Jesús Martín Santoyo

Ensoñaciones de un palentino

Jesús Martín Santoyo


Aurelio, memoria de la ciudad

19/05/2024

Una de las ultimas mañanas que pude disfrutar de una cerveza en la terraza del Casino de Palencia, se sentó en mi mesa, tras un leve gesto de aprobación por mi parte, un señor mayor que se ayudaba de un andador para moverse y no encontraba sitio en los abarrotados veladores de la cafetería. Estaba con mi hermana tomando el aperitivo y haciendo tiempo antes de acudir a una cita con antiguos compañeros de bachillerato y celebrar nuestro encuentro anual. 
Se llamaba Aurelio y presentaba múltiples magulladuras en los brazos. «Me caí este fin de semana al bajar las escaleras de mi piso en Santander. No cogí el ascensor y tropecé. ¡Mira qué chapuza!». 
Observé que mi nuevo compañero de mesa padecía un ligero temblor (¿Parkinson?), que le dificultaba trasladar la copa de su bebida hasta la boca. Antes de que pudiera llegar a mantener mi mirada en sus manos, Aurelio me aclaró su debilidad. 
«Estuve más muerto que vivo a causa de la Covid. Un mes en la UCI. Mi familia casi me daba por muerto, pero milagrosamente resucité. No he quedado bien. Creo que este tembleque es una secuela de la enfermedad. Antes no lo          tenía».
Mi hermana, quizás la persona con mas facilidad para socializar con cualquiera empezó a hablar de mil cosas con Aurelio, como si le conociera de toda la vida. En la terraza del casino los dejé. Ya llegaba tarde a mi reunión.
Tres días después volví a coincidir con Aurelio en la misma terraza.
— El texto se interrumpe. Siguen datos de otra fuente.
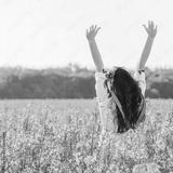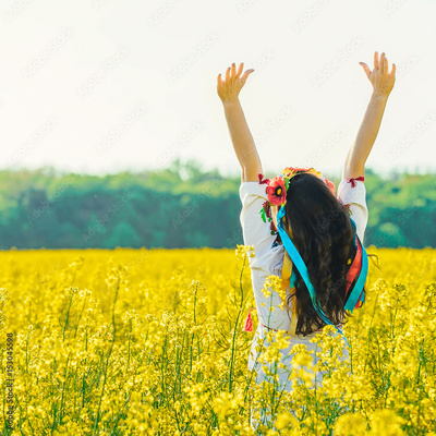 Beautiful young woman in Ukrainian embroidered standing in a field of yellow rape flowers.back view

Había bastante mesas vacías porque había refrescado y la clientela prefería refugiarse en el interior del Casino. Aurelio se acomodó en mi mesa a la vez que advertía a la camarera para que cargara a su cuenta mi consumición. Esa mañana supe mucho más de la vida de Aurelio. Se había educado en Formación Profesional en la Fábrica de Armas. 
«Era la mejor escuela de aprendices de la ciudad. Junto con el seminario donde te formaste, la élite educativa de Palencia. Recuerdo la imagen de los estudiantes de la Fábrica de Armas, con sus buzos azulones acudiendo a los talleres y las filas de seminaristas saliendo de paseo con sus juveniles sotanas por la calle Mayor o por los aledaños del Río Carrión».
«Bueno, le precisé, no soy tan mayor como para haber vivido esa época en la que los seminaristas salían a pasea asotanados».
Pero Aurelio seguía en su propia ensoñación atemporal. «¿Y recuerdas los coches por la calle Mayor? ¡Qué jaleo! Todos se movían por el mismo sitio. La ciudad empezaba en Los Jardinillos y moría en la Fabrica de Armas. No había nada al otro lado de las vías del ferrocarril, ni tampoco hacia la salida a Valladolid. La ciudad no llegaba a los 40.000 habitantes».
Me trasladó una divertida anécdota protagonizada por un primo suyo («no tenía muchas luces») de Espinosa de Villagonzalo. Había venido con 16 años a las ferias de San Antolín. No había visto nunca un autobús. Se pasó los cinco días recorriendo la ciudad en transporte público. «Voy en el coche del Sr. Cinzano», decía refiriéndose a la publicidad que el bus lucía en sus laterales.
Aurelio había triunfado en los negocios. «Trabajé mucho, pero hice un buen capital. Me especialicé en el sector de la madera y el mueble. Pude adquirir varios inmuebles en Santander, que me dejan una buena renta en alquileres. Todo se lo debo a la buena formación de la escuela de aprendices de la Fábrica de Armas y a mi esfuerzo. Mis otros tres hermanos estudiaron en el seminario. Uno se hizo médico, otro abogado y el pequeño es canónigo en la catedral».
Corroboré la buena formación que recibí en el Seminario. Le confesé que el único año de mi vida académica que recuerdo no haber estudiado prácticamente nada, fue el curso en que abandoné el colegio y preparé el ingreso en la universidad. Tenía tanto bagaje cultural en humanidades que pude superar el COU viviendo de las rentas.
«Solo recuerdo haber tenido que esforzarme para aprobar el francés. El aprendizaje de las lenguas modernas no era prioritario en el bachiller eclesiástico».
Interrumpimos nuestra amena charla cuando aparecieron por la terraza del Casino la esposa y un nieto de Aurelio. Me despedí. «La próxima vez pago yo», le recordé.